You have to ask that question. You have to be unflinching about the answers, too.
Because if you don’t, someone else will.
When I began working on this post, the portion above was what I had in mind to say. In essence, I planned a longer-form version of what I’d tweeted about the Tay fiasco:
Gene Hughson (@GeneHughson) March 24, 2016
However, before I had finished writing the post, Greger Wikstrand posted “The fail fast fallacy”. Greger and I have been carrying on a conversation about innovation over the last few months. While I had initially intended to approach this as a general issue of architectural practice rather than innovation, the points he makes are just too apropos to leave out.
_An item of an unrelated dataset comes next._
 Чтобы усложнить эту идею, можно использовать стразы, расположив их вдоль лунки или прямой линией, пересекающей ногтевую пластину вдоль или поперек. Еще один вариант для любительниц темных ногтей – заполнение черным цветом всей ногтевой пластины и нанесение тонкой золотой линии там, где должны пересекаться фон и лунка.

In the post, Greger points out that the focus seems to have shifted from learning to failure. Learning from experience can be the best way to test an idea. However, it’s not the only way:
Evolution and nature has shown us that there are two, equally valid, approaches to winning the gene game. The first approach is to get as much offspring as possible and “hope” many of them survive (r-selection). The second approach is to have few offspring but raise them and nurture them carefully (K-selection). Biologists tell us that the first strategy works best in a harsh, unpredictable environment where the effort of creating offspring is low. The second strategy works better in an environment where there is less change and offspring are more expensive to produce. Some of the factors that favour r-selection seems to be large uncompeted resources. K-selection is more favourable in resource scarce, low predator areas.
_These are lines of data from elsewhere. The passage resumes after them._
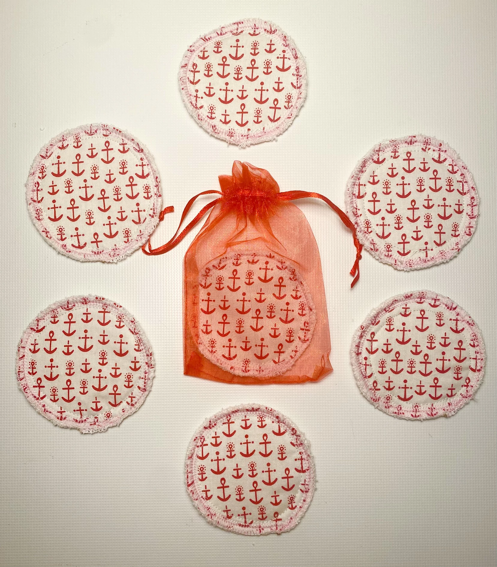 Kis piros horgonyos arctisztító korongok tüll tasakban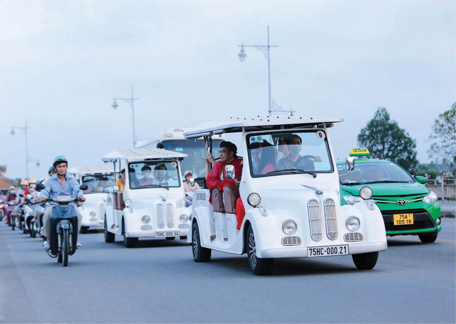 Du khách đến Huế và trải nghiệm tham quan bằng xe điện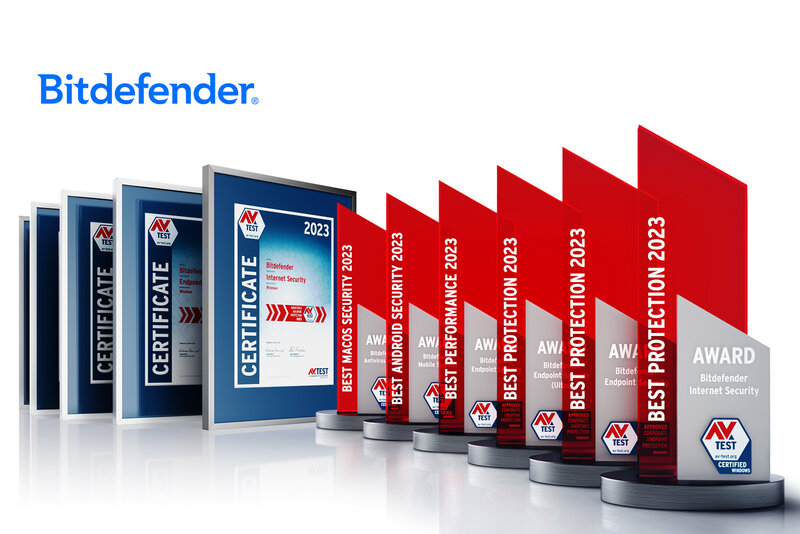 La saison des récompenses est lancée : pour la 13e fois, l’institut AV-TEST honore les fabricants de produits de sécurité destinés aux utilisateurs particuliers et aux entreprises à l’occasion de la remise des AV-TEST Awards 2023. Au cours de l’année 2023, l’incontournable institut a testé de nombreux produits en laboratoire sur les systèmes Windows, MacOS et Android et leur a attribué les certificats convoités qui valident la qualité de leurs performances. Seuls les produits ayant fait leurs preuves en réalisant continuellement les meilleurs scores décrochent un, voire plusieurs Awards 2023 comme trophée couronnant leur réussite. En plus de l’événement réjouissant que représente la remise des prix, l’institut AV-TEST fête également son 20e anniversaire cette année. Bitdefender a remporté pas moins de six des Awards en 2023. AV-TEST attribue à Bitdefender le prix dans la catégorie Best Performance et deux prix dans la catégorie Best Protection pour entreprises sous Windows. Viennent ensuite les prix Best Protection sous Windows, Best Android Security et Best MacOS Security pour les produits destinés aux utilisateurs particuliers.

The phrase “…where the effort of creating offspring is low” is critical here. The higher the “cost” of the experiment, the more risk is involved in failure. This makes it advisable to tilt the playing field by supporting and nurturing the “offspring”.
In response to Greger’s post, Casimir Artmann posted two excellent articles that further elaborated on this. In “Fail Fast During Adventures”, he noted that “There is a fine line between fail fast and Darwin Awards in IRL.” His point, preparation beforehand and being willing to abort during an experiment before failure is equivalent to suffering a fatality can be effective learning strategies. Lessons that you don’t live to apply aren’t worth much.
Casimir followed with “Fail is not an Option”, in which he stated:
I want the project to succeed, but I plan for things going wrong so that the consequences wouldn’t be to huge. Some risk are manageable, as walking alone, but not alone and off-trail. That’s to risky. If you doing outdoor adventures, you are probably more prepared and skilled than a ordinarie project member, and thats a huge benefit.
I guess the best advice, when doing completely new things with IT, is to start really small so that the majority of your business is not impacted if there is a failure. When something goes wrong, be sure that you could go back to safe place. Point of no return is like being on a sailing boot in the middle of the Atlantic where you can’t go back.
That’s excellent advice. “Fail Fast” has the advantage of being able to fit on a bumper sticker, but the longer, more nuanced version is more likely to serve you well.